COLLECTED MATERIAL:
--

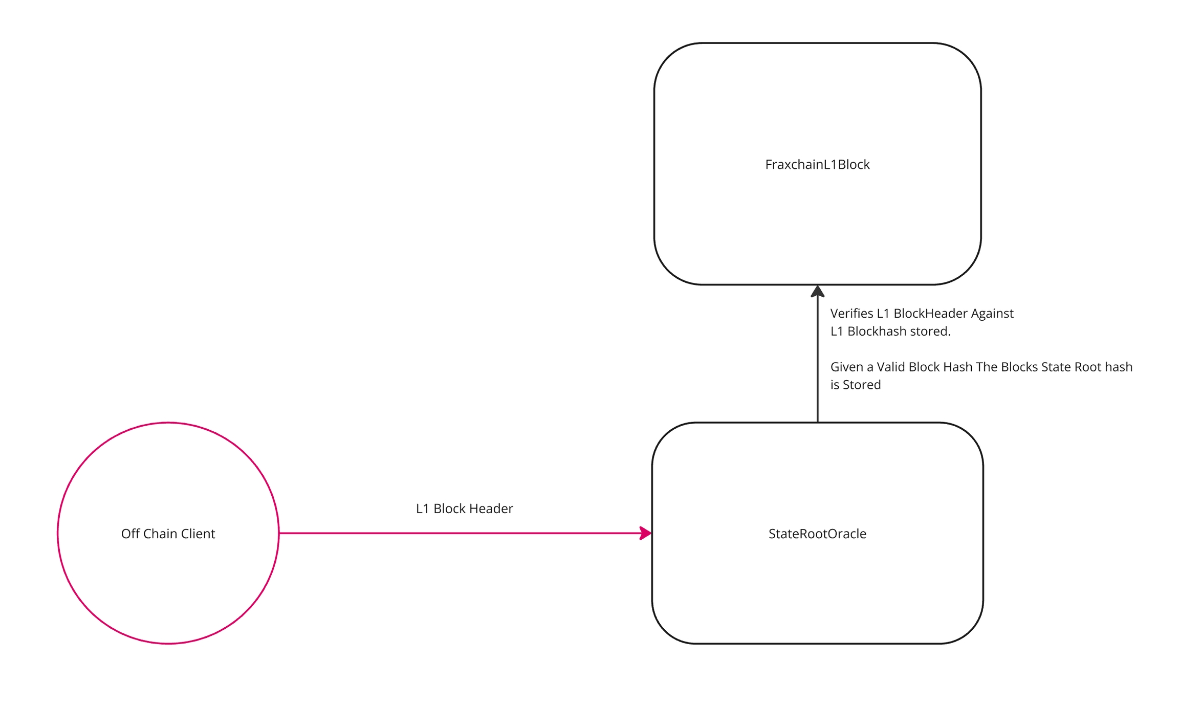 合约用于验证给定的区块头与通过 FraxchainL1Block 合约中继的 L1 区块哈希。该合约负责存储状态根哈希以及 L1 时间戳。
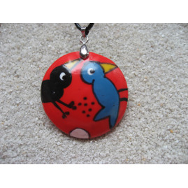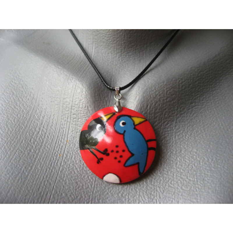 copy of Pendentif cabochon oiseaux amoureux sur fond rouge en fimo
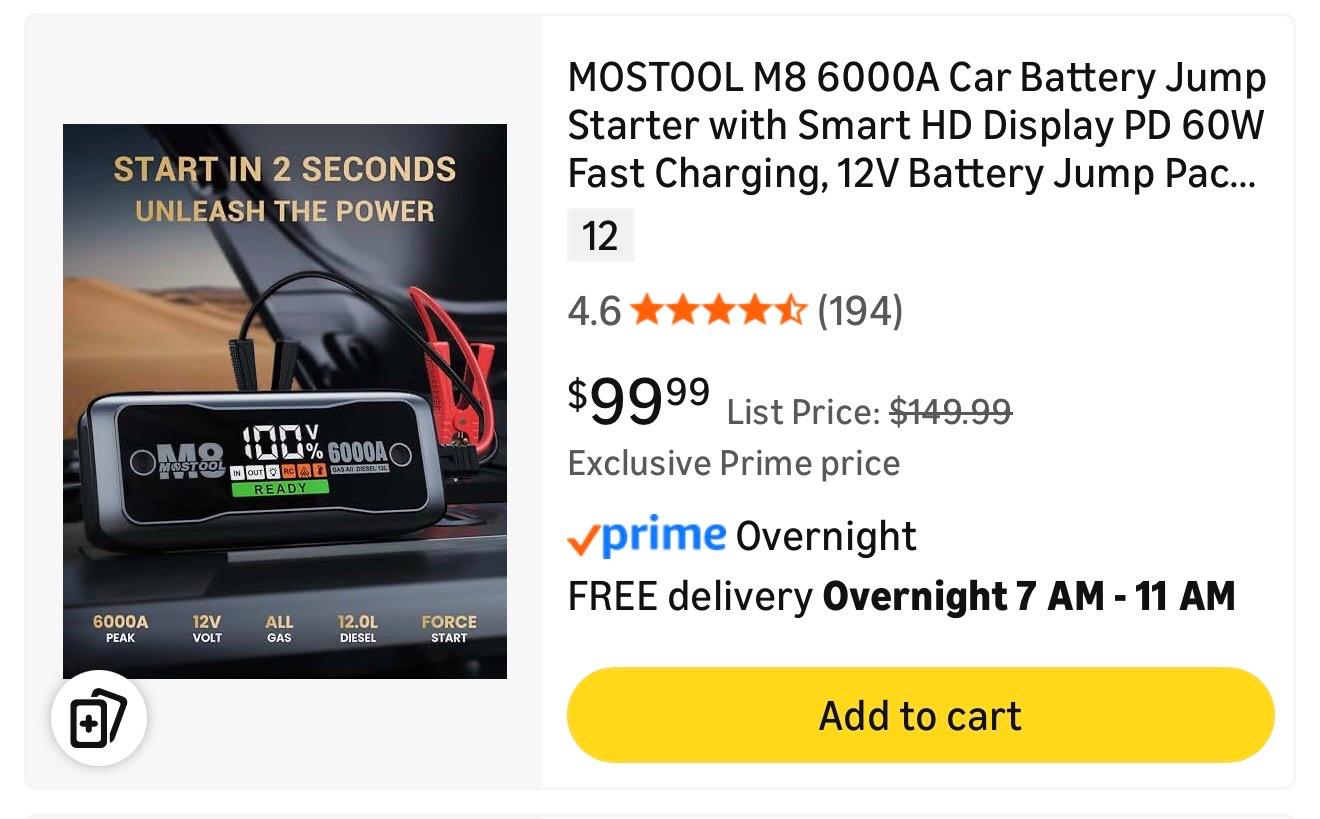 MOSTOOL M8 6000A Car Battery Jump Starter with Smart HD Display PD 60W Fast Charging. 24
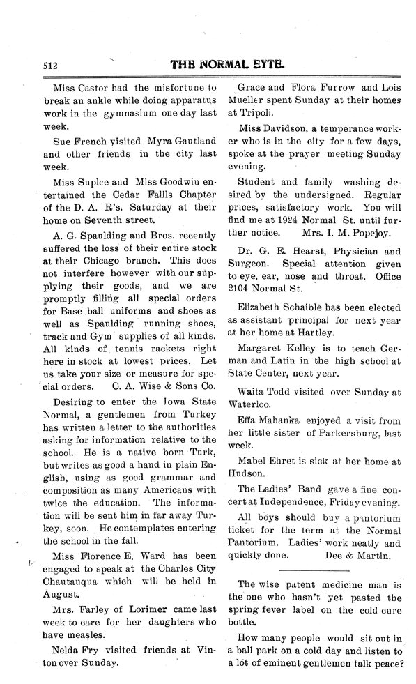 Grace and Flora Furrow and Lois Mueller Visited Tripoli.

--

TASK TO CARRY OUT: Write out everything in the data word for word. Omit each picture.

RESPONSE:
 合约用于验证给定的区块头与通过 FraxchainL1Block 合约中继的 L1 区块哈希。该合约负责存储状态根哈希以及 L1 时间戳。
 copy of Pendentif cabochon oiseaux amoureux sur fond rouge en fimo
 MOSTOOL M8 6000A Car Battery Jump Starter with Smart HD Display PD 60W Fast Charging. 24
 Grace and Flora Furrow and Lois Mueller Visited Tripoli.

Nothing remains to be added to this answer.